校務支援システムの運用は平成25年から。全校で「連絡・書庫」「校務・スケジュール」機能を、モデル校(4小学校・2中学校・特別支援学校)では「児童生徒」「保健」機能も導入。来年度から通知表作成を含めた全機能の運用を全校で予定している。
児童生徒機能や保健管理機能などは市内統一で、通知表は学校ごとにカスタマイズ。結果200種類以上の通知表を作成する。
校務支援システムに関する研修では、全校向けとモデル校向けを実施。全校向けには、新任校長、教頭、教務主任、情報教育担当者を対象にした役職別研修だ。モデル校では通知表作成について訪問研修を行った。さらに各校からの要請により教育センター職員による訪問研修も行う。

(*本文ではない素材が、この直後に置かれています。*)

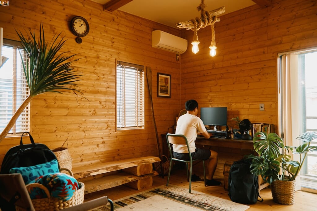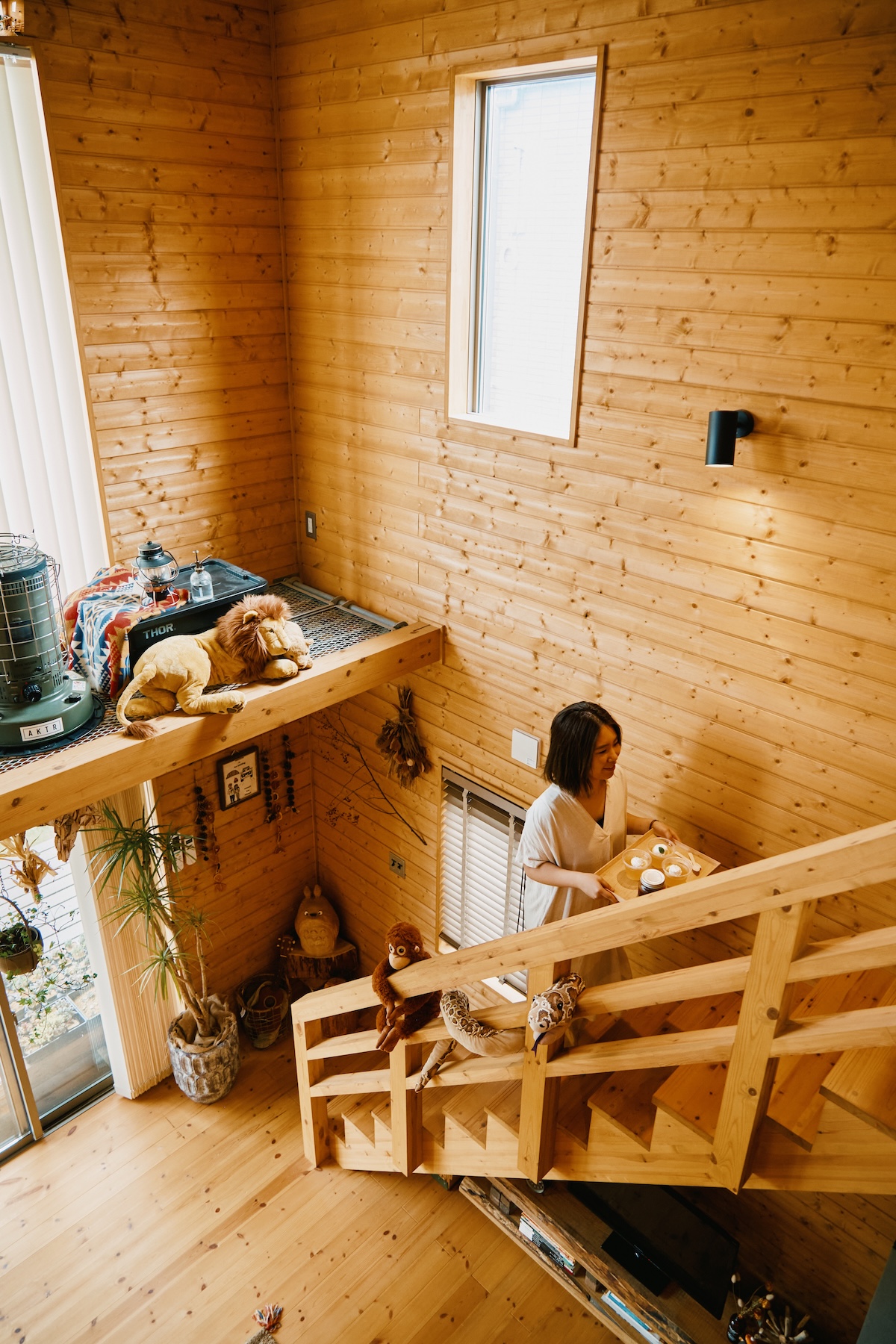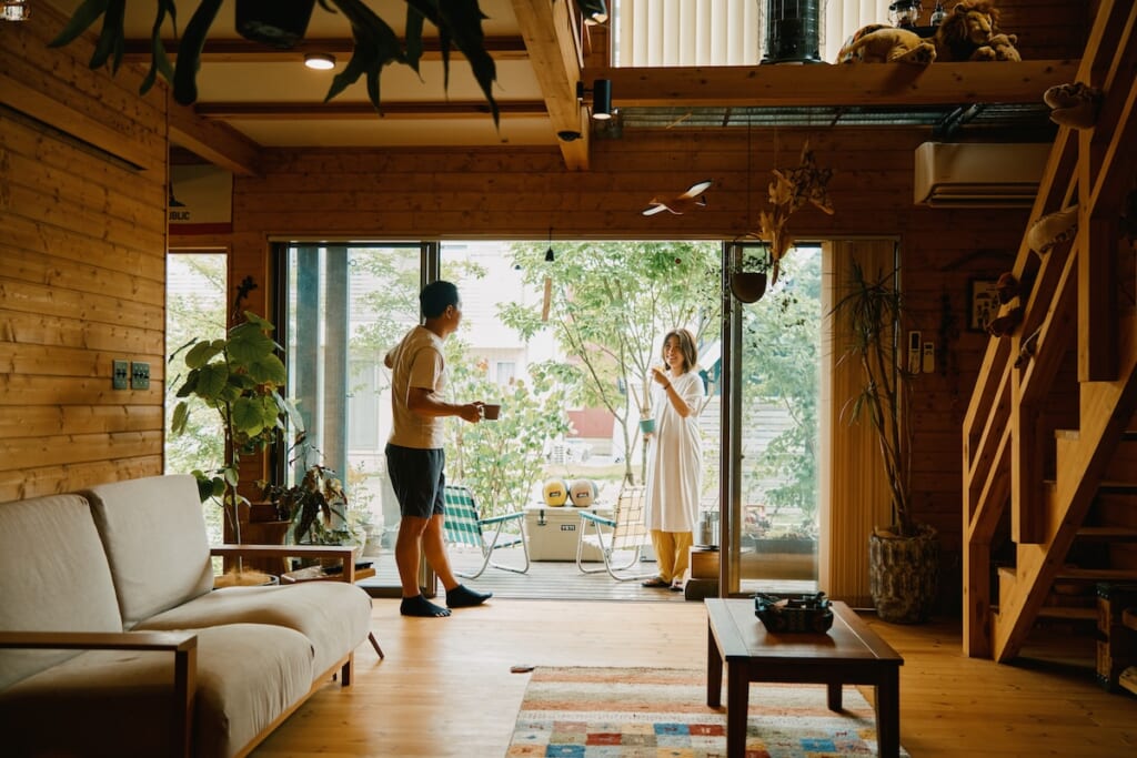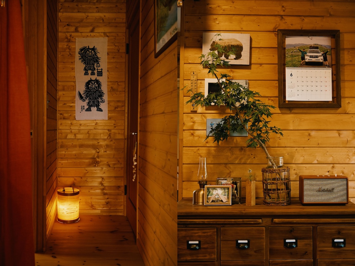 「シンプルな無垢材に囲まれたワンダーデバイスは、ジブンたちの好みに合わせて室内を自在にアレンジできるのが魅力。お気に入りの家具や、旅先でひと目惚れした小物を少しずつ増やしています。意外と民芸品とかも馴染むんですよ」(聡さん)

最も時間がかかるのが各課との調整だ。予算措置は財政部門と折衝。システム・機器等の調達は情報管理課、契約の方法は契約課、各帳票のカスタマイズは義務教育課、指導課、保健体育課など。通知表カスタマイズについては各校と調整する。さらに活用を図るためにはきめ細かい周知と研修も必要だ。運用開始後は障害への対応も始まる。モデル校へのサポートや要望の精査・調整も必要だ。
鳥越氏は「研修は毎年必要なもの。予算の確保や内容・実施時期など課題は多いが事例を集め知識を蓄積、実績を上げるなど努力を継続し、教育の質を向上させていく覚悟で進めていくしかない」と述べた。